Published Date: Jun 25, 2014
This post is written by Shehryar Toru, researcher at SDPI in Pakistan, part of the Southern Voice Initiative. In this post, he challenges how goals and targets are currently designed.
As the deadline of the Millennium Development Goals is fast approaching, progress on several goals has been widely debated. The UN’s Millennium Development Goals Report 2013 claims that several development targets have been or will be achieved. However, opponents criticise the over-ambitious targets of the MDGs, and argue that the achievements made should be credited to the export-driven economic growth and industrialisation of countries like India and China.
The progress on MDGs is rather dismal in the context of Pakistan. With the exception of Goal 7, progress on all other indicators is “off-track”, and goals are unlikely to be met by the end of 2015. A national report by the Commonwealth Foundation on A civil society review of progress towards the Millennium Development Goals in Commonwealth countries identifies some important factors concerning the failure of MDGs in Pakistan.
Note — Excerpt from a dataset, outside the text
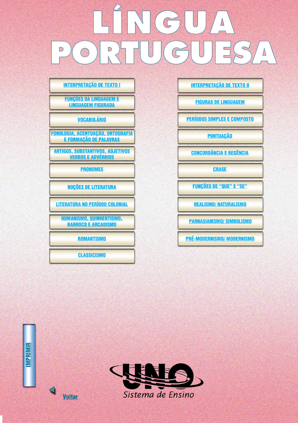 Desenvolvido pelo UNO Sistema de Ensino, este material reflete a qualidade e a didática de uma instituição renomada. A interface interativa não só organiza o conteúdo de forma lógica, mas também sugere um formato que pode ser explorado digitalmente, permitindo que os estudantes foquem nos tópicos que mais necessitam, como os que geram mais dúvidas em questões de Língua Portuguesa para o ENEM. A possibilidade de “IMPRIMIR” indica que o material também pode ser transformado em um guia físico de estudo, adaptando-se às diversas preferências de aprendizado.
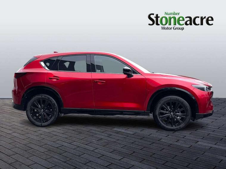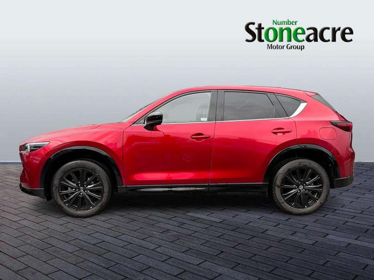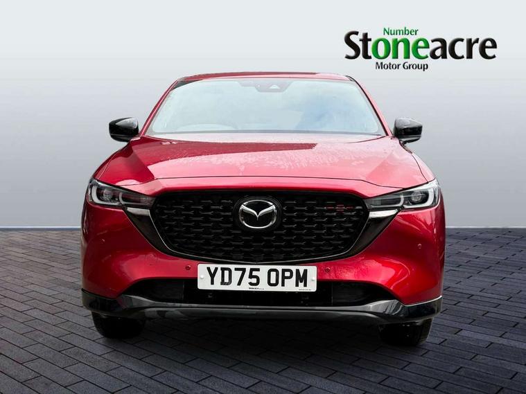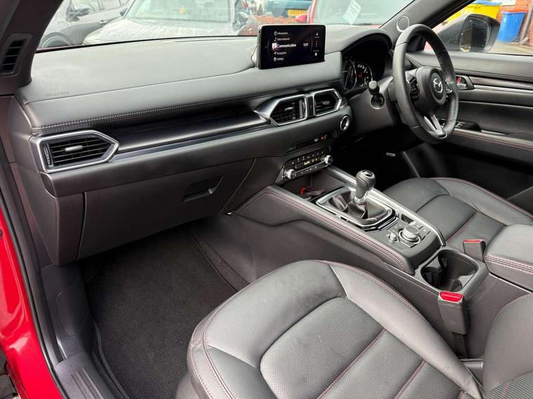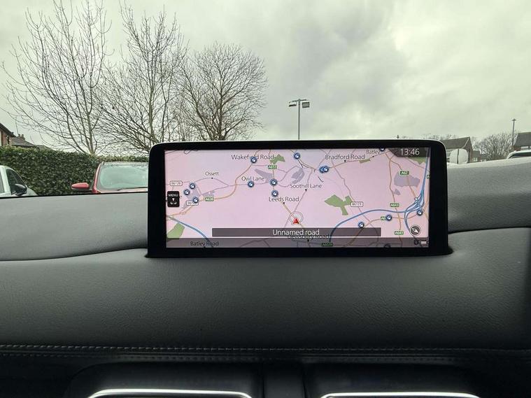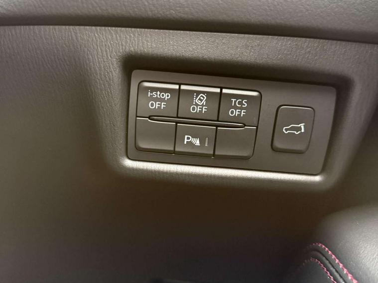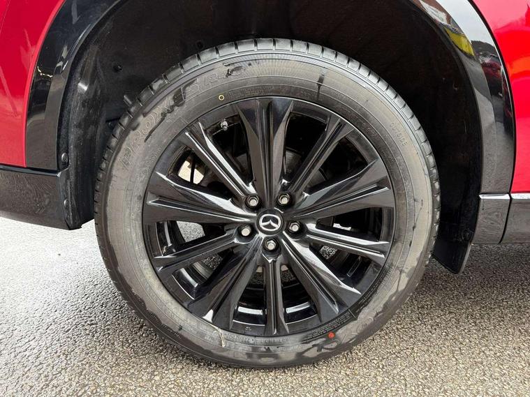 10.25" display with Mazda Connect infotainment, 7" colour TFT display, Advanced blind spot monitoring, Bluetooth connectivity with voice control, Collision prevention assist, Connected services, Cruising Traffic Support, Electric power steering, Emergency stop signalling system, Engine start/stop button, Forward collision warning, Front and rear parking sensors, Integrated navigation system, Intelligent speed assist, Lane departure warning system, Lane keep assist, Power liftgate, Qi wireless phone charging, Radar cruise control, Rear cross traffic alert, Reversing camera, Service indicator, Traffic sign recognition (TSR), Trip computer, Windscreen projected colour active driving display (HUD) with memory, Wireless apple car play/android Auto, Cylinder Deactivation, i-stop, AM/FM radio, Bluetooth audio streaming, Bose premium sound system with 10 speakers, DAB Digital radio, Multimedia Commander including separate volume dial, Steering wheel mounted audio controls, Adaptive front lighting system, Auto dimming rear view mirror, Automatic headlights, Black honeycomb door trim decoration panel, Black honeycomb interior decoration panel, Body colour roof spoiler, Coming/leaving home lighting function, Door mirror integrated indicators, Dual large chrome tailpipes, Dusk sensitive headlamps, Electric front/rear windows with one touch auto up/down, Front grille in gloss black finish, Front grille in gloss black with red accent + gloss black signature wing, Gloss black B and C pillars garnish, Gloss black door mirrors, Gloss black front and rear lower bumper mouldings, Gloss black tire arch and side mouldings, High beam assist, Intermittent rear wash/wipe, LED auto levelling, LED daytime running lights, LED front fog lights, LED Headlights, LED third brake light, Power folding and heated door mirrors, Power tilt/slide sunroof, Privacy glass (rear side windows only), Rain sensing front wipers, Rear side wing doors, Red front grille accent, Red stitching and accents on door trim, knee pad, console lid, steering wheel, shift boots, Scuff plates, Shark fin antenna, Signature LED rear combination lights, Variable intermittent front wash/wipe, Windscreen wiper de-icer, 12v electrical power outlet, 3 seat bench in 2nd row, 3 stage heated front seats, 40:20:40 Karakuri fold-flat seat system, 6 way electric adjustable passenger seat, 8 way electric driver seat with lumbar support + memory, Black roof lining, Cargo room flat floor board with waterproof undertray, Driver seat power slide, recline and height adjustment, Driver, Front passenger and two rear grab handles with coat hooks, Driver/passenger front seatback pockets, Driver/passenger sunvisors + illuminated vanity mirrors (drivers with ticket holder), Dual zone climate control, Folding centre armrest with 2 cup holders, Front and rear door pockets, Front centre storage with two cupholders, Front passenger seat power slide, recline and height adjustment, Gear shift indicator, Heated steering wheel, Humidity sensor, Illuminated glovebox, Interior dome light with integral spotlight, ISOFIX child seat anchorage points attached on outer rear seats, Karakuri tonneau cover, Leather upholstery, Leather wrapped steering wheel and gear knob, Luggage compartment LED lighting, Luggage compartment power outlet, Rear air vents, Rear headrests, Rear seat recline, Roof mounted sunglasses holder, Single front passenger seat, Three height adjustable head restraints, Tilt/height adjustable steering wheel, USB Connectivity (2x front Type-C, 2x rear Type-B), White interior LED illumination lighting, 3 point front seatbelts with pre-tensioners, 3 rear 3 point seatbelts, ABS, Advanced Smart City Brake Support - SCBS, Child locks on rear doors, Driver and front passenger side airbags, DSTC-Dynamic Stability and Traction Control, Dual front airbags, Electronic brake force distribution, Electronic parking brake with auto hold, ESP, Front and rear curtain airbags, Front passenger airbag deactivation, G-Vectoring control, Hill hold assist, Seatbelt reminder front and rear, Single stage passenger airbags, Smart brake support with forward obstruction warning, Tyre pressure monitoring system, Automatic door locking when moving off, Deadlock, Immobiliser, Power door locks, Remote central locking, Smart keyless entry, Thatcham Cat.1 alarm, 19" Black alloy wheels, Tyre repair kit,

In addition to the doubtful quality of data being produced on MDGs, which conforms to the current debate on data revolution, the institutional challenges were highlighted the most. The report further suggests that the MDGs have not been effectively embedded into the institutional infrastructure, demonstrated by the insufficient empowerment of the MDG secretariat the Planning Commission. It also indicates the lack of political will and public ownership of the MDGs in Pakistan.
The UNDP-led national consultations in Pakistan also proposed a list of priority areas for the post-2015 agenda. These Pakistan-specific consultations involved around 22,000 people from all walks of life including the civil society, academia, parliament, farmers, and religious minorities. Peace and security and governance were accorded high importance, and identified as the main barriers to the achievement of MDGs. The lack of transparency, ineffective accountability and inefficient rule of law have been identified as the major governance challenges. Moreover, the under-protected rights of the marginalised population are argued to be exploited by the political and economic elites.
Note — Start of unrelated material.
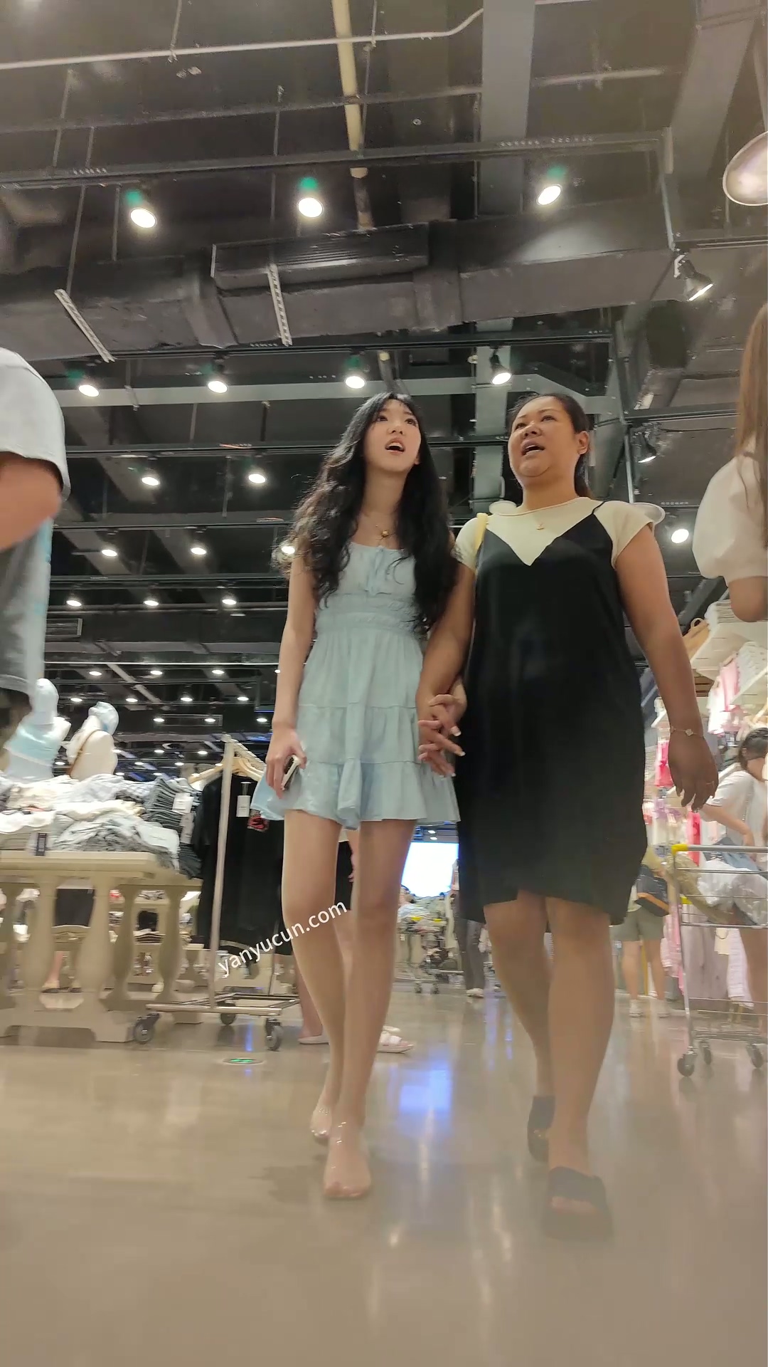 XM478蓝色连衣裙肉色丝袜极品身材美女和妈妈逛街,白色内内

Governance problems in Pakistan are part and parcel of the state and society, termed as the informal institutions. These informal institutions have a profound impact on the way the formal institutions behave, and thus influence their course of action. The challenges of transparency, accountability, political will along with many others are in fact the product of this socio-political environment (created by informal institutions). Therefore, an understanding of these informal institutions is vital to ensuring that the developmental policies are in line with MDGs in Pakistan.
An interesting framework put forward by Nobel Laureate Douglas North et al makes reference to two social orders – limited access and open access orders – on the basis of informal institutions. Patronage rights, clientelistic networks, limited access to political and economic resources, coalition among elites to maintain status quo, lack of political will for policy reforms are the defining characteristics of limited access states in Pakistan and many other developing countries across the globe. The political and economic elites in these countries, make coalition on the basis of cooperation and patron-client relationships to limit access to valuable resources (land, labour, capital, etc.), and to activities (such as contract enforcement, property right enforcement, trade, worship, etc). The dominant coalitions in limited access states suppress competition and create rents through exclusive rights and privileges.
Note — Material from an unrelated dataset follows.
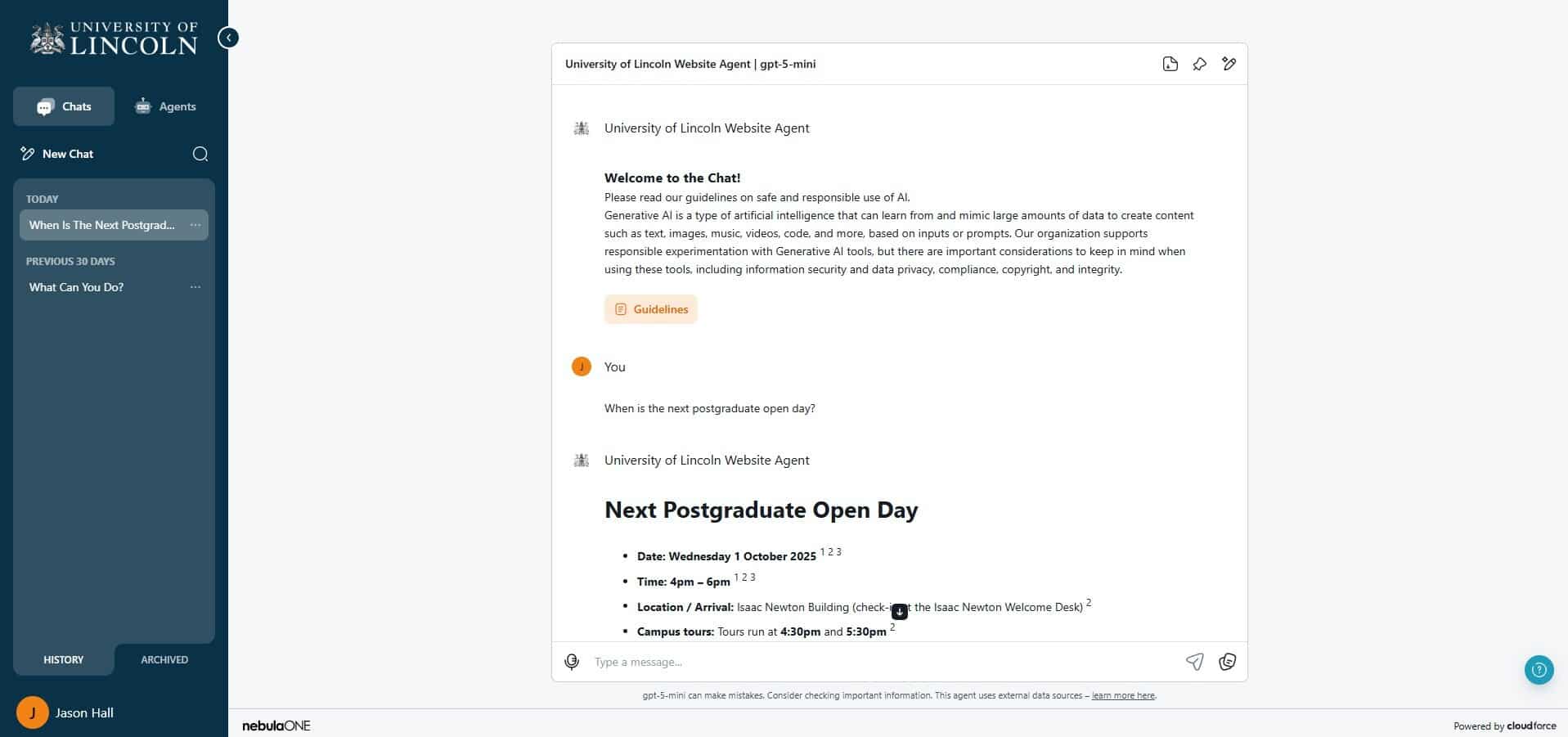 By embedding nebulaONE across the University, Lincoln is ensuring that its students learn how to use AI responsibly: citing it correctly, understanding its limitations, and recognising the value of their own judgment. This prepares graduates to enter the workplace not only able to use AI effectively, but also to use it ethically, a skill that employers are increasingly demanding.

In order to achieve MDGs, developing countries are often required to implement policy reforms at different levels and along different dimensions. Since these policy reforms challenges the status quo in terms of reducing rent-creation opportunities for the dominant coalition; they are often opposed and destined to failure. This is consistent with the Commonwealth Foundation report’s findings of ‘lack of political will’ and ‘underpowered MDG secretariat at Planning Commission’.
Merilee Grindle, provides an interesting evidence of this sort of opposition in 1990s education reforms of Latin America in her book “Despite the Odds: The Contentious Politics of Education Reform”. She observed that the reforms had at least short-term disadvantage to the politically important group of teacher unions. Many of these powerful unions colonised the ministries and achieved privileged positions in areas where personnel decisions were made. As a consequence, the unions expressed strong opposition by shutting down schools and ministries, organising protests and strikes, and paralysing government decision making. Therefore, without complete understanding and consideration of these state-specific socio-political and institutional dynamics, it is very improbable that policy reforms in developing countries will render desired goals.
Hence, for the post-2015 agenda, the UN should make a transition from the normative framework of over-optimistic, generic goals to country-specific and sector-precise policy guidelines by taking into consideration the informal social norms influencing the local political, economic and institutional environment. Since the MDGs are supported by colossal financial aid, efforts could be made to keep the institutional players accountable for MDGs goals.
Moreover, country-specific rigorous empirical evidences are required to identify the set of informal institutions and their practical mechanisms of reform-opposition in order to influence evidence-based policy guidelines.
We would like to invite fellow Southern Voices experts and other researchers to provide critical feedback on the above proposition.